● **Exercise description**: Pictures excluded, retype the lines from the one containing "Женщина с синей" through the last line of the data below, both included.

● **Input material**:
- Opening Delimiter -

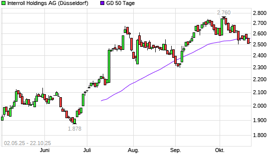 Mit dem Rücksetzer auf 2.540,00 EUR hat die INTERROLL HOLDINGS S-Aktie am 21.10.2025 die 50-Tage-Linie nach unten gekreuzt.Der Abstand zur 200-Tage-Linie beträgt aktuell +11,63%.
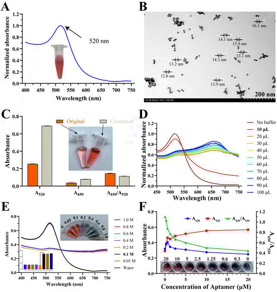 Optimization of aptamer–AuNP colorimetric assay. (A) UV-vis absorption spectra of AuNPs. (B) TEM characterization of AuNPs. (C) Changes in AuNPs before and after centrifugation. (D) Volume optimization of BB addition. (E) Concentration optimization of NaCl addition with corresponding solution image. Inset graph on left shows fluorescence intensity at 520 nm for various concentrations. (F) Concentration optimization of aptamer determined by measuring absorbance with corresponding solution image.
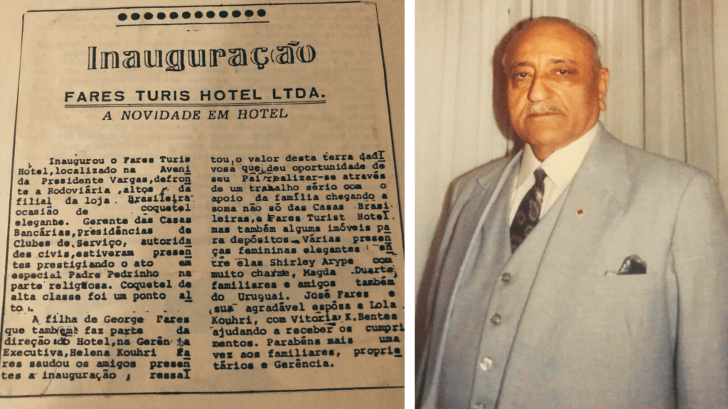 Notícia no jornal da época, sobre a inauguração do hotel do empresário George Fares (foto)
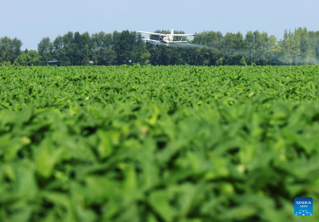 An agricultural aircraft flies above a soybean field at the Beidahuang Group Heilongjiang Hongxing Farm in Bei'an City, northeast China's Heilongjiang Province, July 25, 2025. Aerial crop protection operations have commenced across various agricultural production units of the Beidahuang Group, covering more than 30 million mu (about 2 million hectares) of dry farmlands. (Photo by Hou Yue/Xinhua)
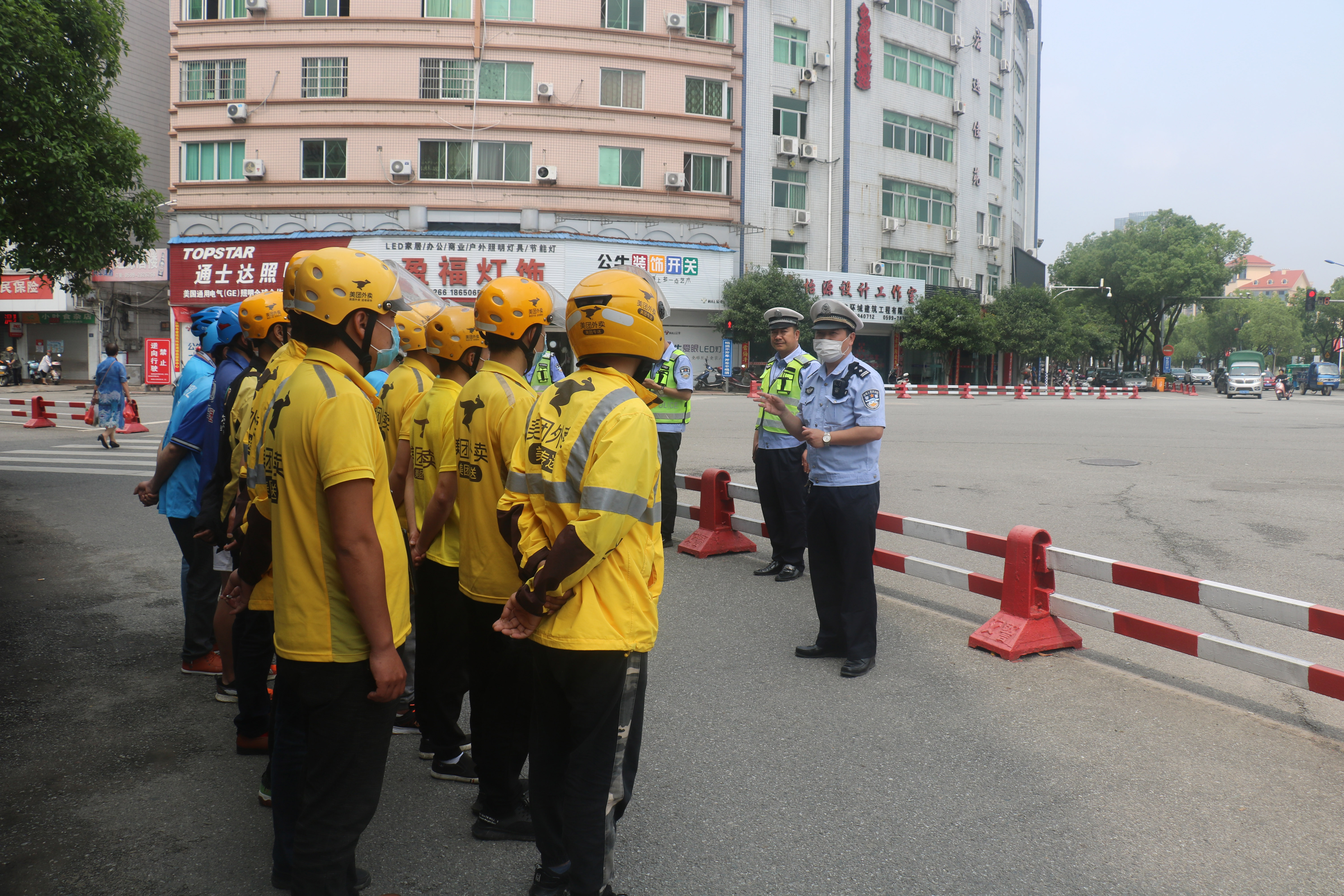 在大圓弧交警崗?fù)で?,“美團(tuán)”和“餓了么”外賣騎手列隊(duì)聽取民警講授交通安全知識。為切實(shí)提升“騎手們”的交通安全意識,大隊(duì)民警詳細(xì)指導(dǎo)和講解外賣騎手戴頭盔的安全細(xì)節(jié),向外賣騎手示范如何正確佩戴安全頭盔,并教育引導(dǎo)外賣騎手們在工作期間務(wù)必要戴好頭盔,駕駛時切勿分心觀看手機(jī),做到安全文明出行。
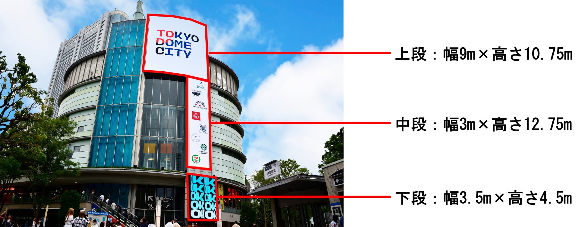 「ミーツポートビジョン」は、上段(幅9m×高さ10.75m)、中段(幅3m×高さ12.75m)、下段(幅3.5m×高さ4.5m)の3面で構成された大型ビジョンです。東京ドームシティの南東エリアに位置する複合施設「MEETS PORT(ミーツポート)」の地上1~5階の外壁に設置されています。
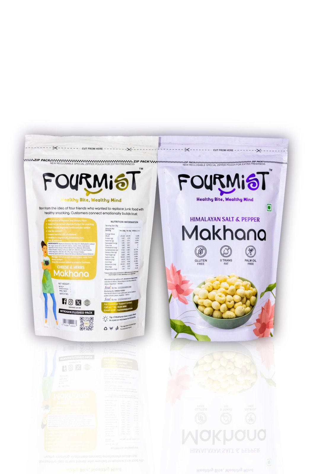 The product portfolio of FOURMIST currently includes 9 SKUs of flavoured makhana, carefully crafted to suit diverse taste preferences across India. Popular variants include Mint Pudina Makhana, Cheese & Herbs Makhana, Peri Peri Makhana, Himalayan Salt & Pepper Makhana, along with several other exciting flavours. Each product is processed using hygienic manufacturing practices and premium-quality raw materials to ensure consistent taste, crunch, and nutritional value. With a strong focus on quality control, attractive packaging, and competitive pricing, FOURMIST products are well-positioned for retail shelves, modern trade, and emerging distribution channels across the country.
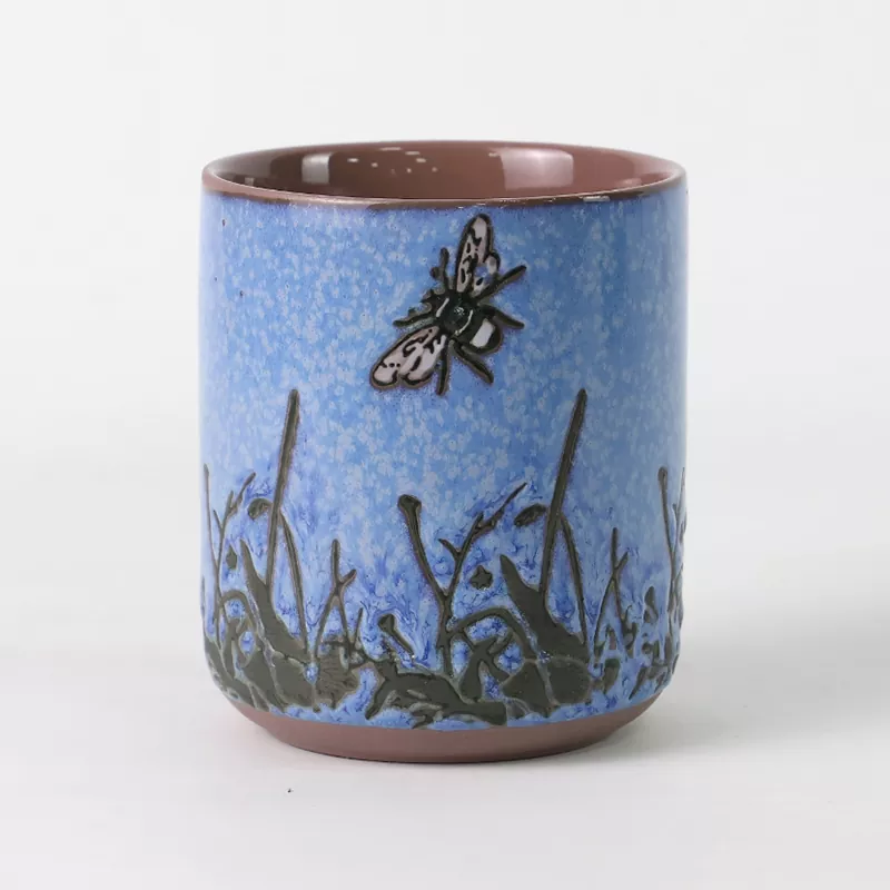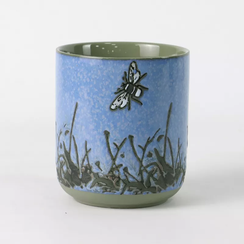 कीट-पैटर्न सिरेमिक कैंडल होल्डर श्रृंखला "कॉर्डिसेप्स सिम्बायोसिस" की प्राकृतिक कल्पना से प्रेरणा लेती है, जो शास्त्रीय पूर्वी सौंदर्यशास्त्र के सार और तारों वाले आकाश की रहस्यमय सुंदरता को दर्शाती है। यह हाथ से पेंट की गई अंडरग्लेज़ सजावट के साथ उच्च तापमान वाले भट्टी-चालित ग्लेज़ को मिश्रित करता है, दर्जनों समायोजन और सुधारों से गुजरते हुए अंततः तीन हस्ताक्षर रंग बनाता है: स्टारी नाइट ब्लू, मिस्टिक ग्रीन और डीप इंडिगो। कप की बाहरी दीवार एक विशाल तारों वाले आकाश की तरह दिखती है, जो बढ़िया सोने के टुकड़ों से छिड़का हुआ है, जैसे कि आकाशगंगा की चमक आपके हाथ की हथेली में रखी गई हो; आंतरिक दीवार एक शुद्ध शीशे का उपयोग करती है, जो दर्पण की तरह स्पष्ट है, जो बाहरी तरफ तारों वाले आकाश की बनावट के साथ एक मजबूत दृश्य विरोधाभास पैदा करती है, जो प्रकाश और छाया के परस्पर क्रिया में सरलता का प्रदर्शन करती है। हाथ से चित्रित तितली, घास के तने और तल पर सिंहपर्णी पैटर्न, अनुभवी कारीगरों द्वारा सावधानीपूर्वक तैयार किए गए, जीवंत और जीवंत हैं, जो जीवन के चक्र और प्रकृति के सहजीवन की एक शाश्वत कहानी कह रहे हैं। प्रत्येक कप कला का एक अनूठा काम है, जो प्रकृति के प्रति श्रद्धा और जीवन के उत्सव का प्रतीक है।
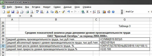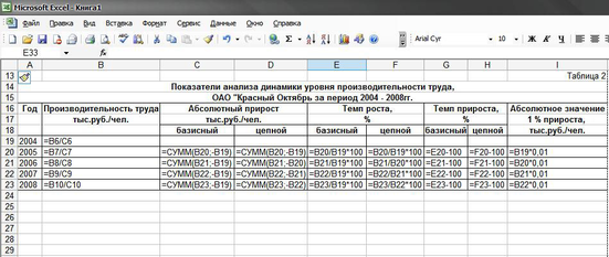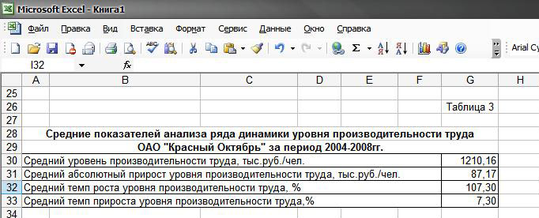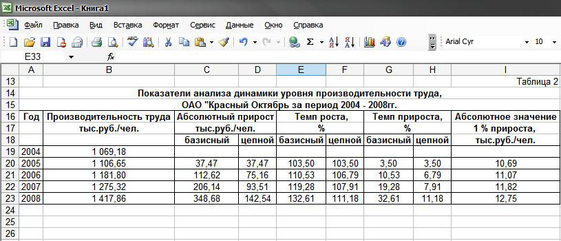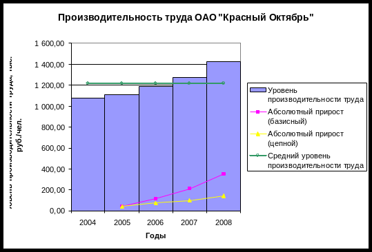 Вывод: Как показывают данные Таблицы 2, уровень производительности труда ОАО "Красный Октябрь" постоянно повышался. В целом за исследуемый период уровень производительности труда повысился на 348,68 тыс. руб./чел. или на 32,61%
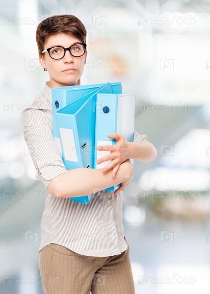 Женщина с синей папкой для документов в офисе
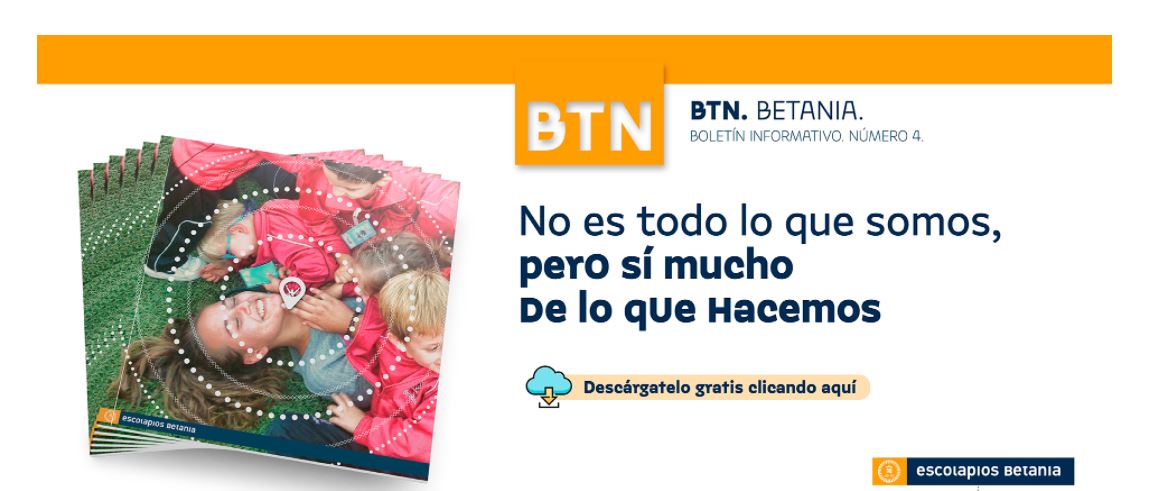 Las Escuelas Pías Provincia Betania presentan la revista BTN, que alcanza su número 4. Esta publicación recoge lo vivido a lo largo del curso alrededor del lema Al encuentro; también incluye una serie de artículos y reflexiones en torno al nuevo proyecto Marco de Pastoral, la Pastoral Vocacional, el Marco Pedagógico de Referencia y toda la actualidad de la misión en Indonesia. Podéis descargarlo en PDF en este o consultarlo en el link
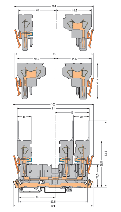 złączka bazowa 4-pinowa; z szyną ekranową; na szynę TS 35 x 15 i 35 x 7,5; szary

- Closing Delimiter -

● **Answer for this exercise**:
 Женщина с синей папкой для документов в офисе
 Las Escuelas Pías Provincia Betania presentan la revista BTN, que alcanza su número 4. Esta publicación recoge lo vivido a lo largo del curso alrededor del lema Al encuentro; también incluye una serie de artículos y reflexiones en torno al nuevo proyecto Marco de Pastoral, la Pastoral Vocacional, el Marco Pedagógico de Referencia y toda la actualidad de la misión en Indonesia. Podéis descargarlo en PDF en este o consultarlo en el link
 złączka bazowa 4-pinowa; z szyną ekranową; na szynę TS 35 x 15 i 35 x 7,5; szary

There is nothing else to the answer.